Анонс публикации повести М.Лайкова:

«Возвращение в дождь» — так называется повесть (лучше сказать — поэма) Михаила Лайкова. Эти слова — упреждающие, это радость, которой мы спешим поделиться с избранным читателем. Потому что «Возвращение в дождь» наследует сложную ветвь отечественной литературы, начатую Владимиром Одоевским, его «Русскими ночами». Нас ждет трудное чтение, нас ждет трудная работа со-думания с философически мыслящим прозаиком. Я убедился в этом на собственном опыте, приступив к чтению.

Первая, запевная фраза — «Один поживший на свете человек догадался, что...он... прожил не свою жизнь...» — повела меня. Временами было тоскливо и безнадежно, ибо невнятный мир героя, душевная смута его на грани запредельного. Но ощущение духовной крепости, идущее невидимыми токами от автора ко мне, читателю, одолевает, и темная жизнь героя в сумеречную эпоху (наши дни!) странным образом забирает в плен. Множатся вопросы — вековечные, надбытийные, проклятые, как говаривали в старину...

Мне кажется, «Возвращение в дождь» станет классической книгой русской литературы, прежде всего потому, что повесть (поэма) художественно совершенна. Здесь найдена музыка (мрачная, погребальная), здесь персонажи, потерявшие Бога, маются как в преисподней, здесь тлетворный воздух выписан с редкостной силой. Здесь есть тайна, и в том числе тайна подлинного искусства.

Михаилу Николаевичу Лайкову от роду тридцать пять лет, он окончил Литературный институт, живет на Украине, в маленьком поселке. Ранее он писал рассказы, небесталанные, с горчинкой, с хорошим, ровным дыханием, с точной деталью. Мы трижды печатали их. Но вот он замыслил и написал «Возвращение в дождь».

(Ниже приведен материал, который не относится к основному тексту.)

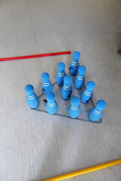 Cet après-midi, nous avons inauguré notre nouveau jeu de bowling, spécialement conçu pour l'interieur.
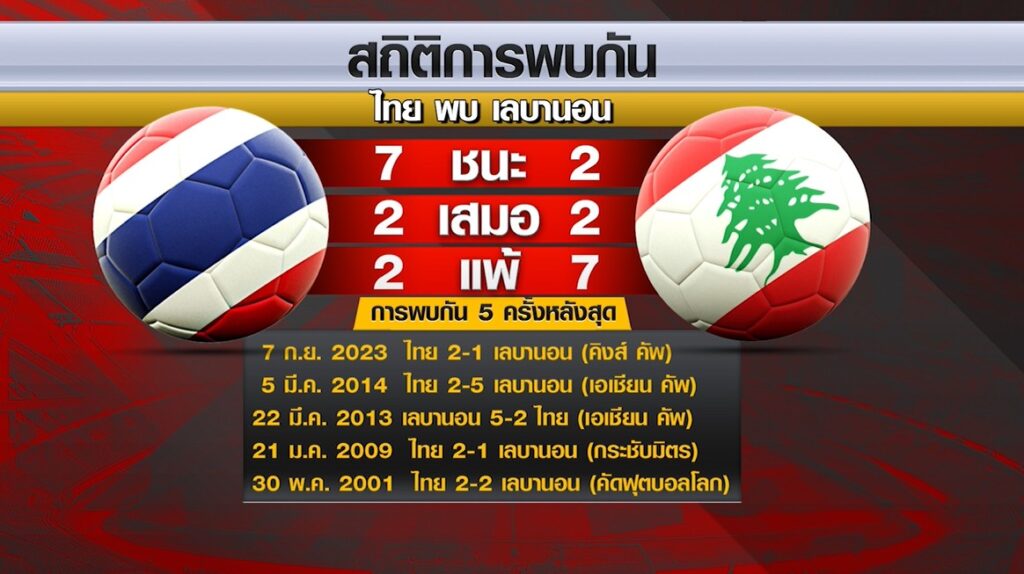 สถิติการพบกันทั้งหมด 11 เกม ไทยชนะ 7 เกม เสมอ 2 เกม เลบานอนชนะ 2 เกม ส่วนการพบกัน 5 ครั้งหลังสุด ผลัดกันแพ้ชนะทีมละ 2 นัด และเสมอกัน 1 นัด นัดล่าสุดที่พบกันในฟุตบอลคิงส์คัพ 2023 ไทยชนะเลบานอน 2-1 .-สำนักข่าวไทย
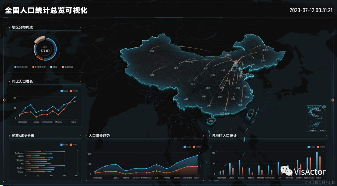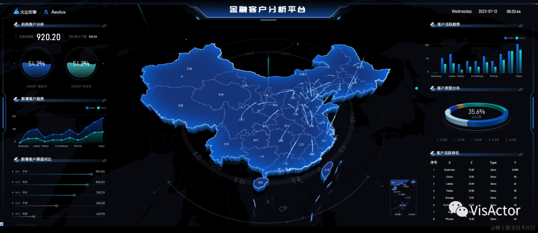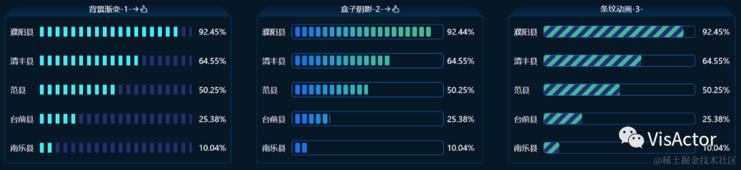比如在大屏新增的排行榜组件并非VChart既有图表类型,而是通过图形语法VGrammar完全自定义实现。
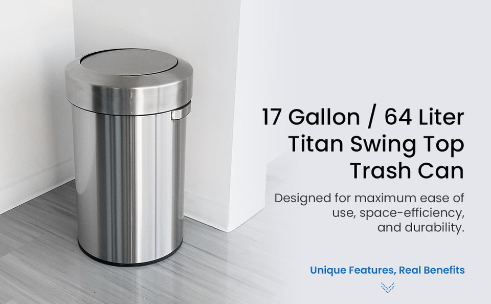 The 17 Gallon / 64 Liter Titan Stainless Steel Swing Open Top Trash Can offers style and functionality, making it perfect for the kitchen, office, garage, pantry, or business. Designed with a swinging lid, it keeps trash out of sight while containing odors within the trash bin.
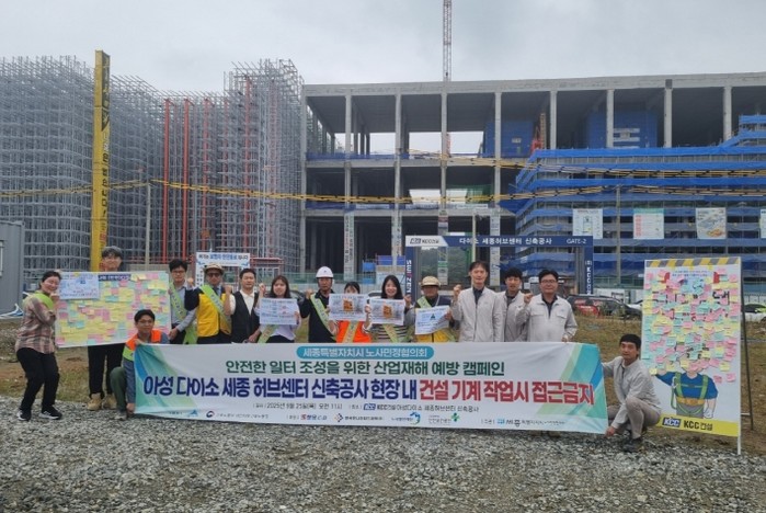 [파이낸셜경제=김영란 기자] 세종특별자치시가 25일 아성다이소 세종허브센터 건설현장에서 세종시노사민정협의회와 함께 산업재해 예방 캠페인을 진행했다고 밝혔다.
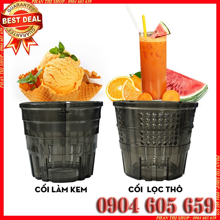 - Bộ sản phẩm gồm: Máy ép, cối ép, cối lọc bã, cối làm kem, 2 hộp đựng bã và nước ép
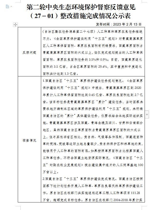 第二輪中央生態(tài)環(huán)境保護(hù)督察反饋意見 (27-01)整改措施完成情況公示
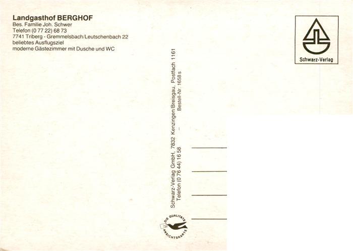 73941840 Leutschenbach Gremmelsbach Triberg Landgasthof Berghof Gastraeume postalisch nicht gelaufen Erhaltung siehe scans [WerneD78] Wern Katcode 11110008326060
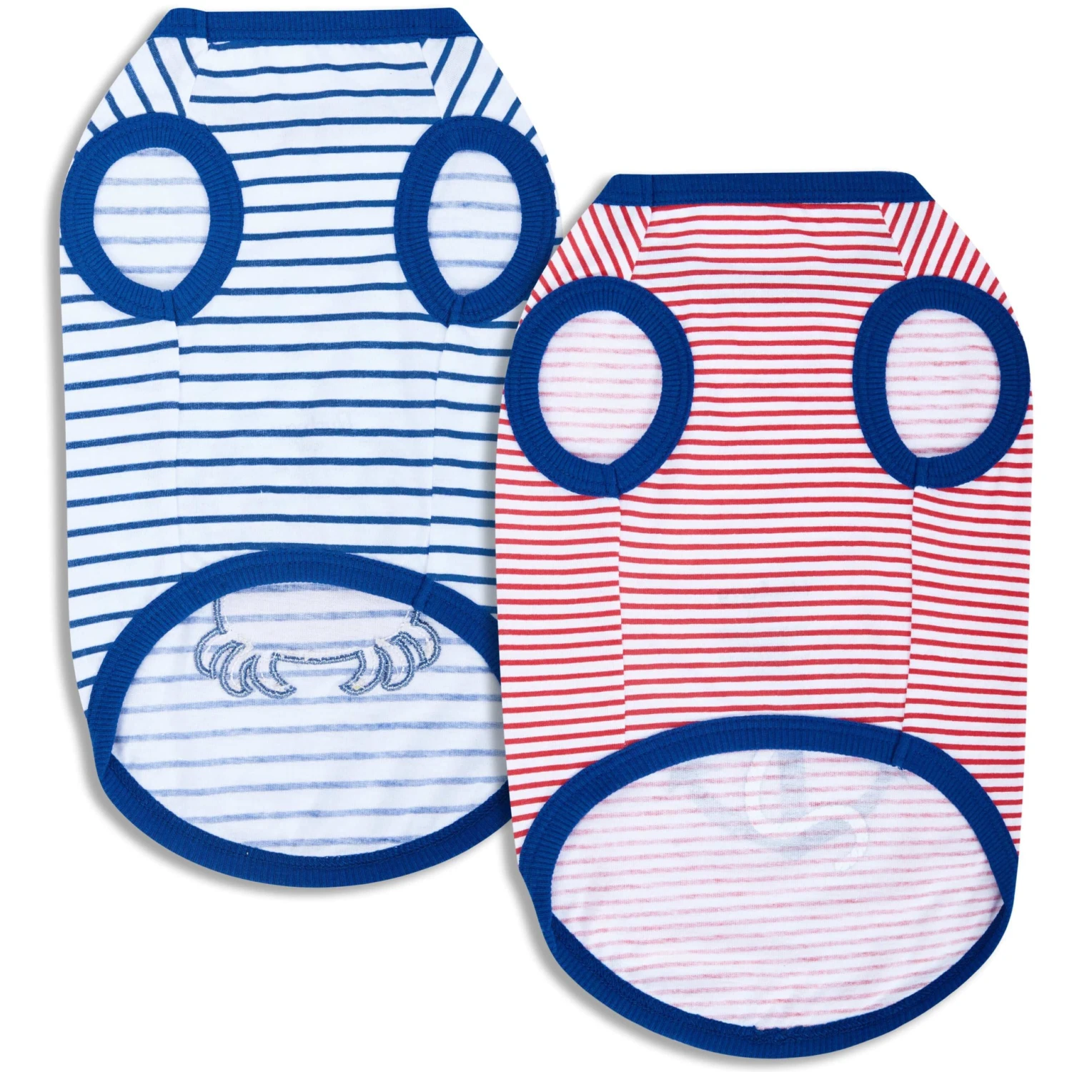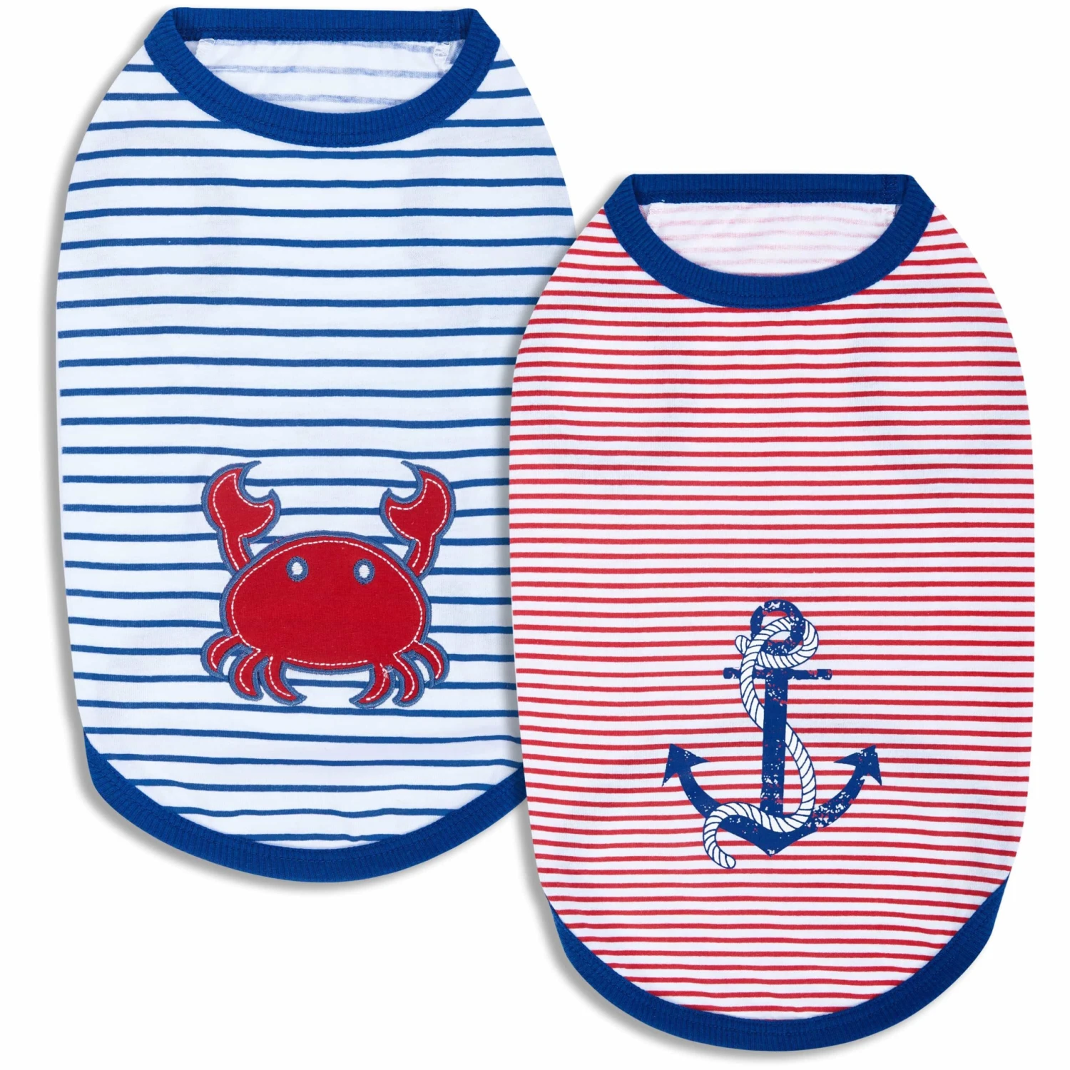 - Adorable Designs: The pack includes a playful blue striped t-shirt adorned with a cheerful crab design, and a vibrant red striped option featuring a trendy anchor motif, perfect for adding a nautical flair to your dog’s wardrobe.
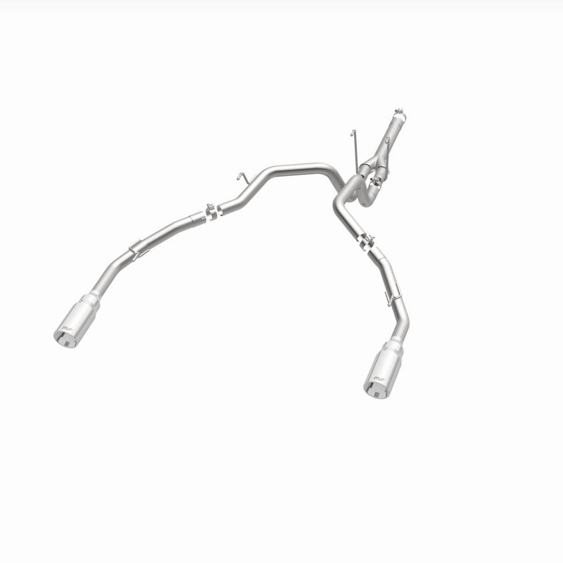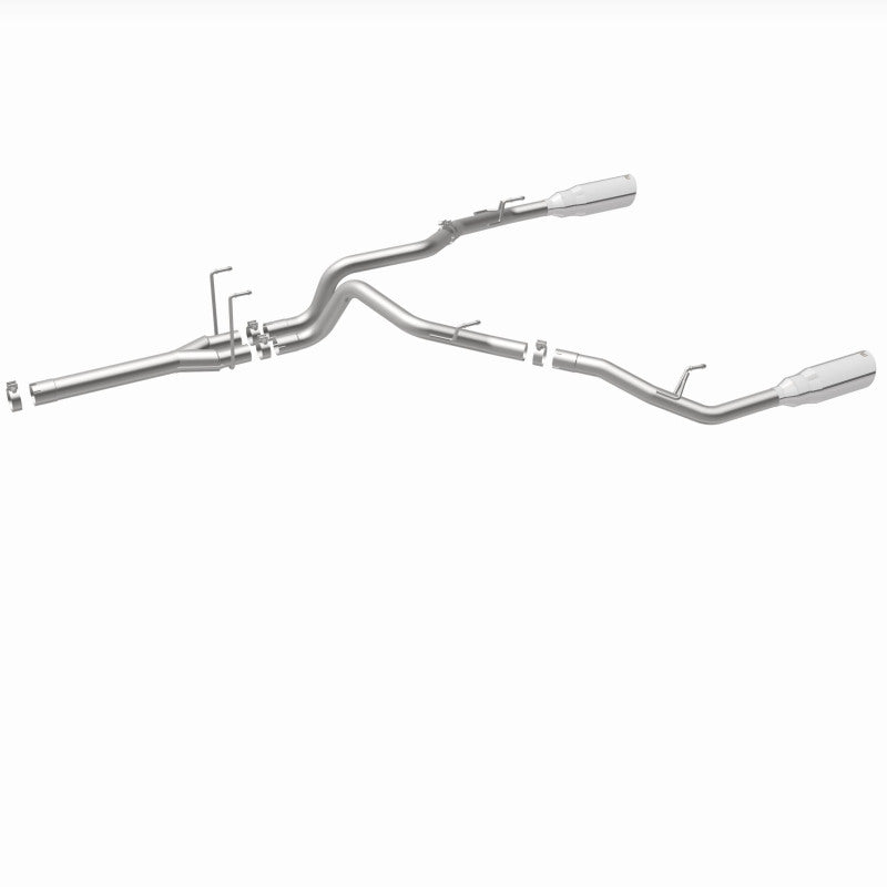 The MagnaFlow Ram 1500 Street Series 19359 has been designed from the ground up to make your 3.0L 2014-2018 Ram 1500 sound like and haul like it should thanks to its heavily dyno-tested, durable and corrosion resistant stainless steel design. This Ram 1500 exhaust kit is tuned to produce Moderate exterior and Mild interior sound levels through its fast-flowing, mandrel bent 3in. main piping and is compatible with 3.0L engines. The system terminates in a Dual Split Rear exit with 5in. Polished Welded-Double Wall-Angle Cut-Rolled Edge tip. Exhaust kit 19359 is tuned to produce our powerful, resonant signature exhaust note at Moderate exterior and Mild interior sound levels. It does this with a filter-back layout that replaces your diesel truck’s stock exhaust system from the particulate filter on back. Extensive 3D scans made during the development process has resulted in an easy-to-install, direct-fit design. Once you hit the road or trail with this exhaust system hooked up your rig will stand out from the rest as the truest of trucks. 19359 is produced using CNC precision robotic manufacturing techniques and is backed by MagnaFlow’s limited lifetime construction warranty.

Мы надеемся начать публикацию повести (поэмы) в № 6 «Очарованного странника». Кстати, есть надежда — Михаил Лайков вернется в Россию, дай Бог, чтобы его возвращение случилось в майские дожди.

Борис Черных, май 1995 года (выпуск № 5

«Литературной газеты русской провинции “Очарованный странник”»)

Михаил Лайков приехал в Ярославль по приглашению Черных летом девяносто шестого года. Так бывший днепропетровский шинник оказался в бывшей столице отечественной шинной промышленности — но в качестве заместителя главного редактора издаваемой здесь литературной газеты, в которой постоянно печатались его произведения. Мне думается, что он был полон надежд и даже — счастлив. Но тут происходит то, что враз все это перечеркивает, сменяя надежды на разочарование.

Финансовая стабильность издания на протяжении двух с лишним лет была обеспечена спонсорской помощью одного крупного московского предпринимателя, владельца рыбопромыслового бизнеса. Он родился в городе Свободном Амурской области, где провел свои детские годы Б.Черных. При личной встрече на родине писателю удалось убедить земляка в необходимости оказания финансовой помощи газете. Многих тогда удивляла стабильность появления очередных тиражей «Очарованного странника». Но летом 1996 года бизнесмен, возвращаясь из зарубежной командировки, был расстрелян в салоне автомобиля на трассе возле одного из московских аэропортов. Эта трагедия лишила перспектив на дальнейшее продолжение издания газеты.

Михаил не был до конца посвящен в дела редакции. Я помню, как он расстраивался и недоумевал по поводу бездеятельности, — ведь он приехал работать, у него была масса планов и задумок. Но все стремительно рушилось. Вскоре он был вынужден покинуть Ярославль, с которым связывал столько надежд. Больше он не бывал здесь, а мы с ним не виделись. И вот...

P.S. В недавно изданном Литературном энциклопедическом словаре Ярославского края (XII — начало XXI века) прочитал, что Михаил Лайков был удостоен премии имени Н.С. Лескова, присуждаемой редакцией газеты «Очарованный странник». Я не помнил об этом. Великая вещь печатное слово.

Андрей Валитов, журналист

 Ярославль


 

Наше поколение из медленно развивающихся...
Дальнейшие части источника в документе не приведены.